Stock and government bond prices rallied on Wednesday after the Federal Reserve acknowledged improvements in the US economy at its latest meeting while opting to keep its current policy stance unchanged. The yield on the 10-year US Treasury bond, which moves inversely to the price of the benchmark government debt instrument and is sensitive to signals about the future of the Fed’s $120bn-a-month of pandemic-era bond purchases, eased following the meeting to trade 0.01 percentage points lower for the day at 1.23 percent.
The yield has tumbled from close to 1.8 percent in March as traders bet on the Fed sustaining its purchases despite the US economy’s strong rebound from a historic contraction in the second quarter of 2020. The latest statement from the central bank has been read by analysts and investors as a small step towards an eventual tapering of bond purchases, with the US central bank appearing to be in no rush until there are further improvements in the economy. Jay Powell, Fed chair, also acknowledged the continued risk to the recovery posed by a coronavirus in light of the current uptick in cases resulting from the Delta variant.
“There is not really any history here on how things will end up. It’s a huge unknown,” said Tom di Galoma, a bond trader at Seaport Global Holdings. “The economic picture in the next two to three months is very uncertain. The Fed tapering or changing any policy before the September meeting isn’t warranted.” Powell has described recent surges in US consumer prices as temporary and told lawmakers this month it was risky to tighten monetary policy before the central bank had a firmer idea of the state of the labor market and inflation. But Fed officials last month brought forward their projections for the first post-pandemic interest rate rise by a year to 2023, and appear divided over when to reduce monetary stimulus.
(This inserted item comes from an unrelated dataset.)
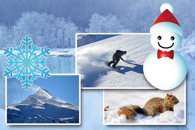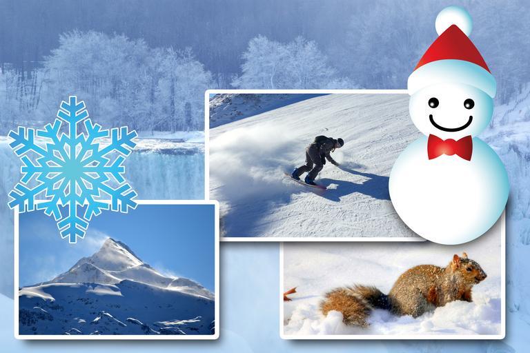 Keywords: winter time of year decoration snowflake die cut pressure finishing christmas christmas time winter time artificial romantic loving laugh map greeting card christmas card christmas greeting winter sports mountain snow ice frozen trees hoarfrost squirrel snow man santa hat bobble hat bobcap red fly collage

“The issue the Fed has is whether inflation is becoming more entrenched,” Schroders multi-asset strategist Ben Popatlal said, at the same time as the highly transmissible Delta variant of coronavirus threatened economic growth. Tightening monetary policy might curb inflation, Popatlal said, “but could also cause a shock to growth, creating a stagflationary environment”. The dollar index, which measures the US currency against a basket of others, gave up earlier gains to trade 0.2 percent lower following the Fed meeting.
The blue-chip S&P 500 share index had lost early morning gains and was trading slightly lower before the meeting. It rallied back, closing flat for the day. The technology-heavy Nasdaq Composite index rose 0.7 percent after a rout in Chinese stocks, following a crackdown by Beijing on education and technology companies, paused in Asian trading. Hong Kong’s Hang Seng rose more than 1 percent, after tumbling more than 4 percent on Tuesday. China’s CSI 300 index of Shanghai- and Shenzhen-listed stocks gained 0.2 percent after a 3.5 percent fall in the previous session.
The Chinese government has banned private tuition businesses from making profits and attracting overseas investors with the use of VIE structures, which circumvent Beijing’s foreign ownership rules. China’s cybersecurity regulator also plans to review all overseas listings of groups with more than 1m users on national security grounds. Fears of the VIE ban spreading to the tech sector have driven the New York-traded shares of Chinese e-commerce businesses lower in a sell-off that spread to US tech companies.
Shares in Apple have fallen 2.4 percent this week despite the group reporting quarterly results analysts described as “stunning”. “You’ve got so much capital now tied up in exchange-traded funds that track big tech shares including those in the US and China,” said Randeep Somel, portfolio manager at M&G. “People holding these can’t be selective about what they sell.” Elsewhere in markets, Europe’s Stoxx 600 share index gained 0.7 percent, touching a fresh high. Brent crude, the oil benchmark, added 0.4 percent to $74.78 a barrel.